Task directions — Below this line are records; write out exactly the lines from the one containing "宮下一郎さん(あいさつ):「" through the one containing "今日の大きいおかずは、漢字で", with the pictures left out.

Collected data

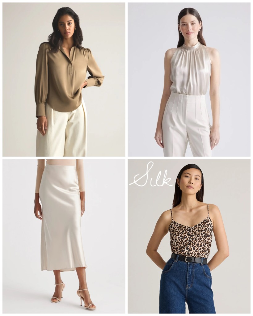 - What to look for: Cashmere, wool, silk blends, satin, and structured cotton.
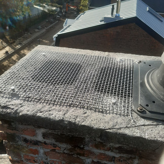 Om kauwennesten in de schoorsteen te voorkomen werd een inox rooster aangebracht.
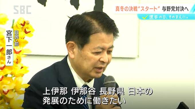 宮下一郎さん(あいさつ):「きのう解散をしまして実質的にもう戦いの火ぶたが切って落とされたと。私もなくてはならないと自任しておりまして、なんとか皆さんの力で大変厳しい戦いですけれども、引き続き垣内さんとともに、上伊那・伊那谷・長野県・日本の発展のために働きたい」
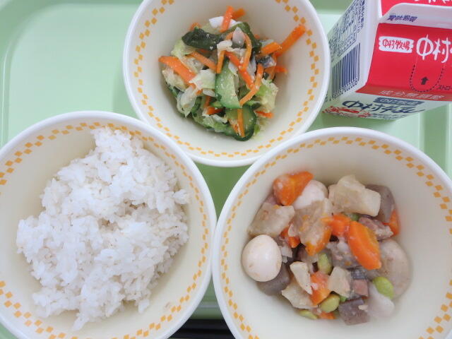 今日の大きいおかずは、漢字で「関東煮」と書いて、かんとだきといいます。みなさんがよく知っているおでんのような料理ですね。白いボールのようなものは「はんぺん」です。普通お店で売っているものは四角い形をしていて、白身魚のすり身と山芋、調味料を合わせて練って作られます。はんぺんの他にも、今日は大根やこんにゃく、うずらの卵などを入れました。味わって食べてくださいね。
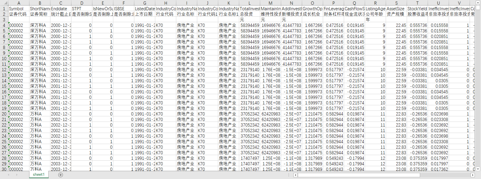证券代码 证券简称 统计截止日期 是否剔除ST或*ST或PT股 是否剔除上市不满一年、已经退市或被暂停上市的公司 是否剔除北交所上市公司 上市日期 行业代码 行业名称 行业代码1 行业名称1 总投资 维持性投资 新增投资支出 成长机会 财务杠杆率 现金流状况 公司年龄 资产规模 股票收益率 非效率投资程度 非效率投资标识 常数项α0 系数α1 系数α2 系数α3 系数α4 系数α5 系数α6 系数α7 残差ε
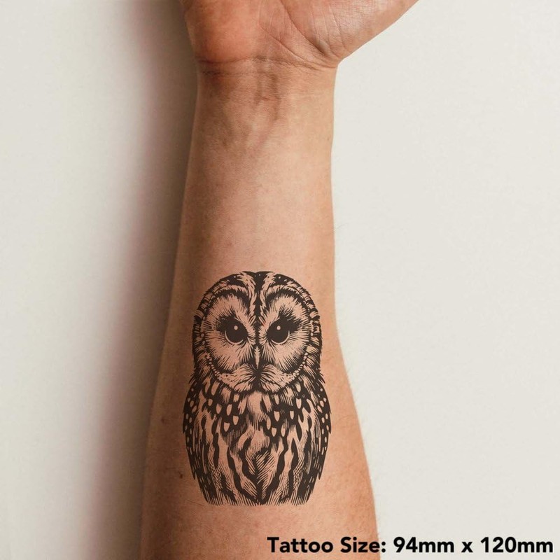 'Tawny Owl' Temporary Tattoo - Water Resistant, Skin-Safe, Non-Toxic Transfer (TO00080233)

Result of this exercise —
 宮下一郎さん(あいさつ):「きのう解散をしまして実質的にもう戦いの火ぶたが切って落とされたと。私もなくてはならないと自任しておりまして、なんとか皆さんの力で大変厳しい戦いですけれども、引き続き垣内さんとともに、上伊那・伊那谷・長野県・日本の発展のために働きたい」
 今日の大きいおかずは、漢字で「関東煮」と書いて、かんとだきといいます。みなさんがよく知っているおでんのような料理ですね。白いボールのようなものは「はんぺん」です。普通お店で売っているものは四角い形をしていて、白身魚のすり身と山芋、調味料を合わせて練って作られます。はんぺんの他にも、今日は大根やこんにゃく、うずらの卵などを入れました。味わって食べてくださいね。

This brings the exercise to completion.